■ Exercise details: Could you print the stretch of lines below from the one with "CHIC & SLEEK" through the one with "外国語科では、専科の先生と学習していました。英文をよむ練習をしていました。", exactly as they stand and without any pictures?

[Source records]
+===+
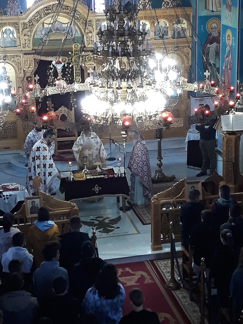 Οι μαθητές παρακολούθησαν με ενδιαφέρον και κατάνυξη την υποδειγματική Θεία Λειτουργία. Ο Μητροπολίτης κ.κ. Ιγνάτιος συνεχάρη τους μαθητές και εκπαιδευτικούς για την απόλυτη ησυχία και την προσοχή τους σε όλη την Θεία Λειτουργία και τους ευχήθηκε να έχουν υγεία και να περάσουν τις Άγιες ημέρες του Πάσχα με αγάπη.
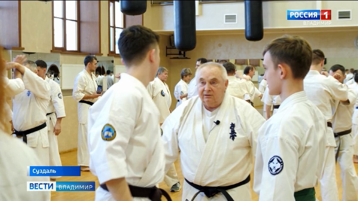 Легенда карате - в Суздале. В туристическом комплексе Арт-отеле "Николаевский посад" мастер-класс провел основатель Федерации кёкусинкай России Александр Танюшкин. В зале сто сорок спортсменов — именитые каратисты, заслуженные мастера, чемпионы мира, шиханы и сенсеи. И все они приехали в Суздаль в туристический комплекс Арт-отель «Николаевский Посад» ради встречи с одним человеком. Основателем Федерации кёкусинкай России, обладателем 8-го дана, легендой отечественного карате — Александром Ивановичем Танюшкиным. - Я ставлю руки, видите? И я на животе его поворачиваю. Видите? Руки, живот - сила. Сергей Чубаров, председатель Владимирской областной общественной организации «Федерация кёкусинкай»: - Спорт, который мы видим на татами, он раскрывает только часть именно спортивной составляющей нашего стиля. А методика, которую преподает Александр Иванович Танюшкин, именно раскрывает всю сущность применения базовой техники: блоков, стоек. Методика действительно уникальна. Александр Иванович объ
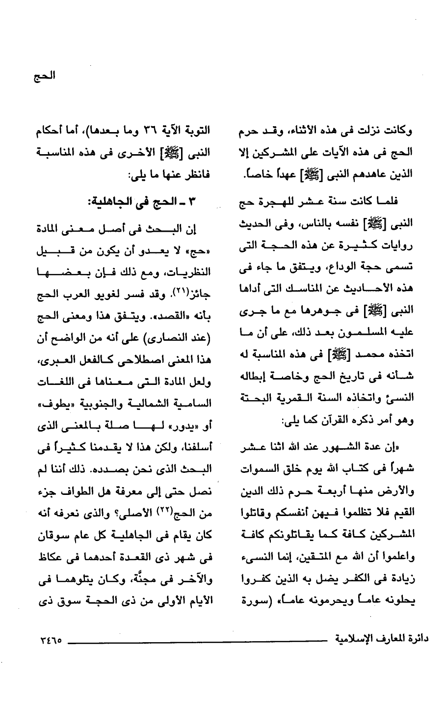إن البحث فى أصل معنى المادة "حج" لا يعدو أن يكون من قبيل النظريات، ومع ذلك فإن بعضها جائز (21). وقد فسر لغويو العرب الحج بأنه "القصد". ويتفق هذا ومعنى الحج (عند النصارى) على أنه من الواضح أن هذا المعنى اصطلاحى كالفعل العبرى، ولعل المادة التى معناها فى اللغات السامية الشمالية والجنوبية "يطوف" أو "يدور" لها صلة بالمعنى الذى أسلفنا، ولكن هذا لا يقدمنا كثيرًا فى البحث الذى نحن بصدده. ذلك أننا لم نصل حتى إلى معرفة هل الطواف جزء من الحج (22) الأصلى؟ والذى نعرفه أنه كان يقام فى الجاهلية كل عام سوقان فى شهر ذى القعدة أحدهما فى عكاظ والآخر فى مجنَّة، وكان يتلوهما فى الأيام الأولى من ذى الحجة سوق ذى
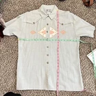 Vintage JG by Joyce 6P Southwestern Embellished Short Sleeve blouse 70’s Blue. This beautiful vintage button down blouse has rhinestone and stud embellishments as well as half sphere buttons. See photo(s) for measurements. Next business day shipping! Smoke free home!
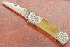 Description: This elegant folding knife by Montana knifemaker Mel Fassio immediately demands attention. Mel makes this entire knife by hand, including the engraving.
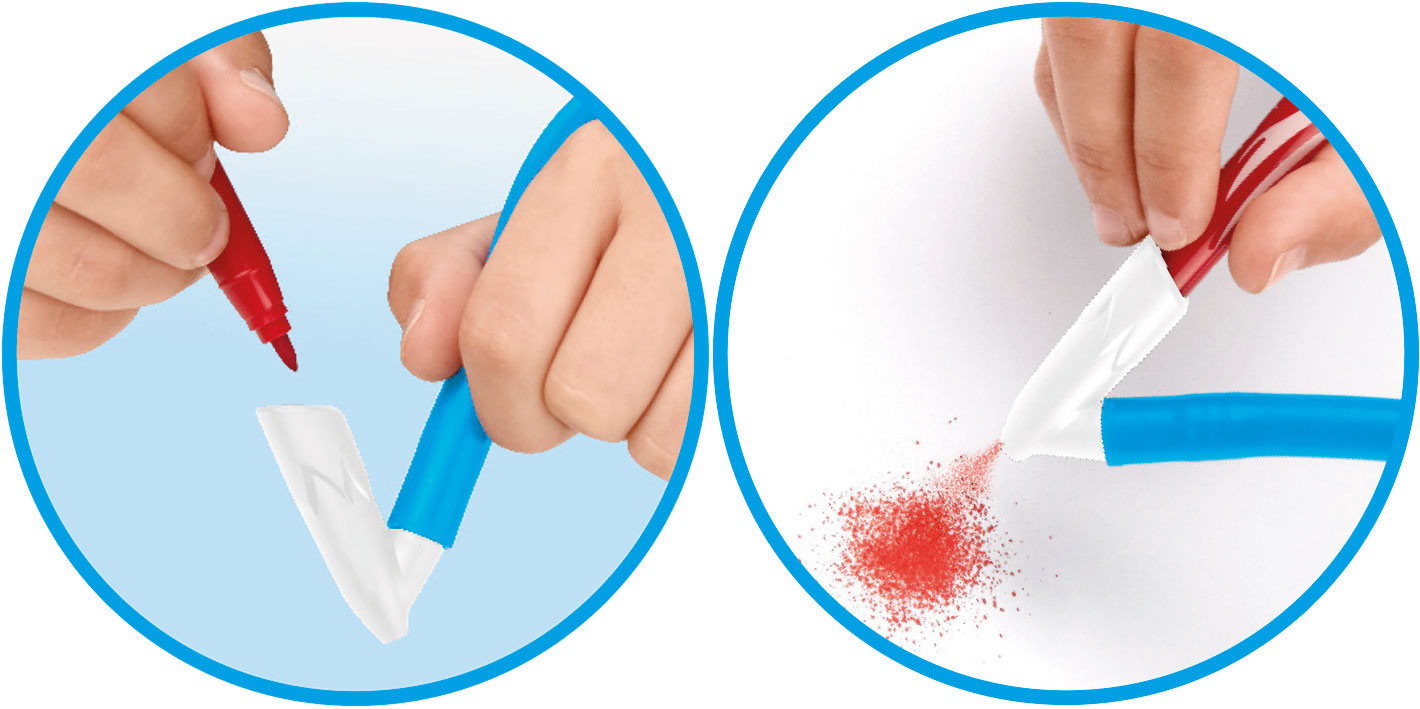 Mit der neuen Puste-Stift-Technik der BLOW PENS von Maped CREATIV wird jeder Filzstift zum Pustestift. Einfach einen beliebigen Filzstift in die Puste-Vorrichtung einstecken und los pusten. Schon entsteht auf dem Papier ein tolles, gesprenkeltes Farbergebnis. In dem Set sind bereits die Filzstifte COLOR’PEPS JUNGLE von Maped enthalten. Und falls diese Mal leer sein sollten, braucht man lediglich eine neue Packung der Filzstifte COLOR’PEPS JUNGLE und schon kann der Puste-Spaß wieder von vorn beginnen. Desweiteren sind Spühschablonen in dem Set POP ART enthalten, um verschiedenen geometrische Formen in das Bild zu sprühen. Die Puste-Stifte sind zur Gestaltung von verschiedenen Bastel-Projekten geeignet und können auf allen Oberflächen, auf denen man auch mit den Fasermalern malen kann, benutzt werden. Die Kreativität der Kinder wird damit besonders gefördert.
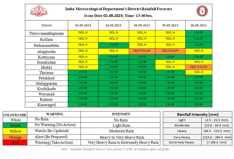 konnivartha.com: കേന്ദ്ര കാലാവസ്ഥാവകുപ്പിന്റെ അടുത്ത 5 ദിവസത്തേക്കുള്ള മഴസാധ്യത പ്രവചനം വിവിധ ജില്ലകളിൽ കേന്ദ്ര കാലാവസ്ഥ വകുപ്പ് ഓറഞ്ച്, മഞ്ഞ അലർട്ടുകൾ പ്രഖ്യാപിച്ചിരിക്കുന്നു ഓറഞ്ച് അലർട്ട് 04-09-2023 & 05-09-2023 : ആലപ്പുഴ 06-09-2023 : ഇടുക്കി ജില്ലകളിൽ കേന്ദ്ര കാലാവസ്ഥ വകുപ്പ് ഓറഞ്ച് അലർട്ട് പ്രഖ്യാപിച്ചിരിക്കുന്നു . ഒറ്റപ്പെട്ടയിടങ്ങളിൽ അതിശക്തമായ മഴക്കുള്ള സാധ്യതയാണ് പ്രവചിച്ചിരിക്കുന്നത്. 24 മണിക്കൂറിൽ 115.6 mm മുതൽ 204.4 mm വരെ മഴ ലഭിക്കുമെന്നാണ് അതിശക്തമായ മഴ (Very Heavy Rainfall) എന്നത് കൊണ്ട് കാലാവസ്ഥ വകുപ്പ് അർത്ഥമാക്കുന്നത്. 02-09-2023 :തിരുവനന്തപുരം, കൊല്ലം, പത്തനംതിട്ട, ആലപ്പുഴ, കോട്ടയം, എറണാകുളം, ഇടുക്കി 03-09-2023 : തിരുവനന്തപുരം, കൊല്ലം, ആലപ്പുഴ 04-09-2023 : തിരുവനന്തപുരം, കൊല്ലം, പത്തനംതിട്ട 05-09-2023 : തിരുവനന്തപുരം, കൊല്ലം, പത്തനംതിട്ട, എറണാകുളം, ഇടുക്കി 06-09-2023 : ആലപ്പുഴ, എറണാകുളം,…
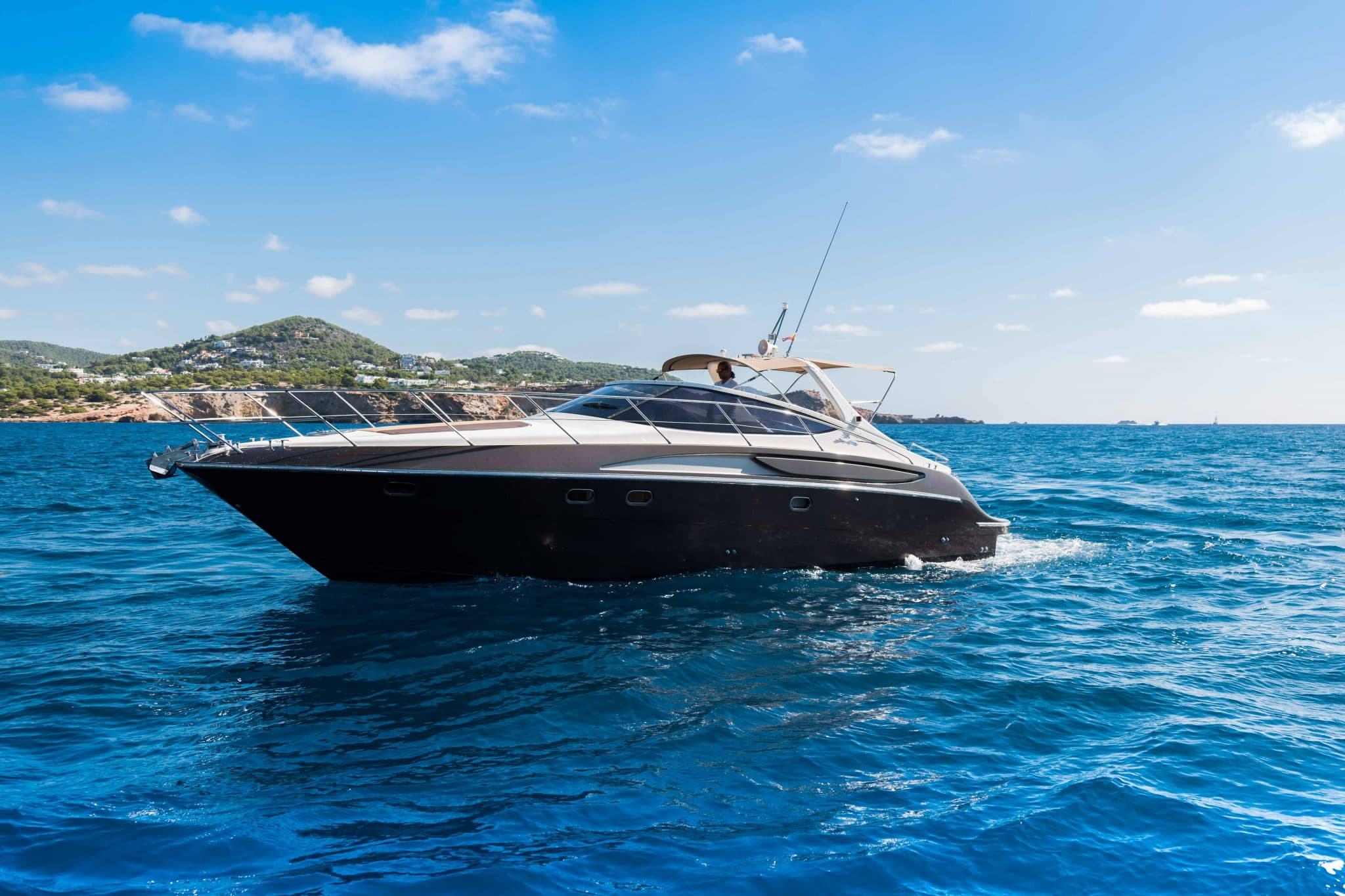 CHIC & SLEEK This nifty little number is perfect for enjoying a day of flying across the azure Balearic waters with yourfriends, comfortably fitting up to 10 passengers. Soak up the rays on the big padded sunbed area at the front or relax on the leather lounging area in the back as the boat nimbly navigates the waves.
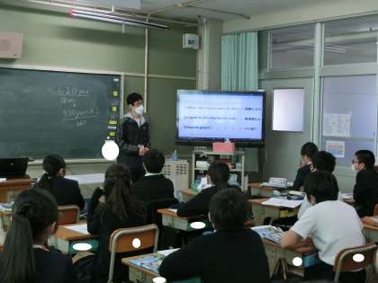 外国語科では、専科の先生と学習していました。英文をよむ練習をしていました。
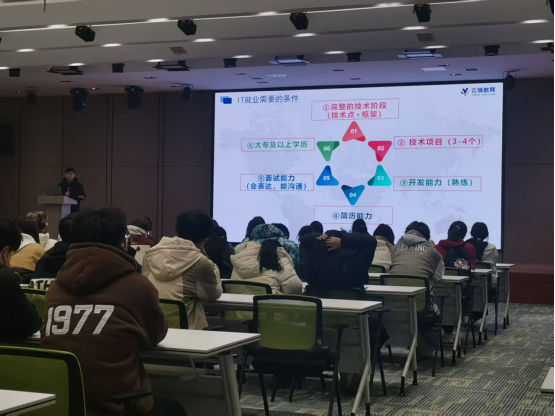 参观结束后,河南省新投云软件开发有限公司副总经理徐光辉在报告厅做专题分享。他给出企业近两年的校招数据:数据分析岗位占统计学投递量的68%,起薪区间7-12K;嵌入式、云端开发岗位需求增长约30%,对应要求掌握Python、SQL及线性代数基础。徐光辉建议员工大二前完成代码能力达标,大三参与实际项目,并提前关注考公、考研及行业证书路径。
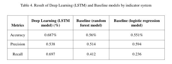 The forecasting accuracy was measured by RMSE and MAPE in [2]. ROC, MACD, and CCI were used to measure the trend following the characteristics of market prices. The authors used Duan et al. (2018)’s dataset to train and test their system architecture predictions on S&P 500 new process data in [7]. We used the Scikit-Learn library and the open-source openIE tool to implement logistic regression and Random Forest models. They set multi-head attention heads to 8 and started word nodes with 300-dimension GloVe embeddings.
+===+
■ Expected answer:
 CHIC & SLEEK This nifty little number is perfect for enjoying a day of flying across the azure Balearic waters with yourfriends, comfortably fitting up to 10 passengers. Soak up the rays on the big padded sunbed area at the front or relax on the leather lounging area in the back as the boat nimbly navigates the waves.
 外国語科では、専科の先生と学習していました。英文をよむ練習をしていました。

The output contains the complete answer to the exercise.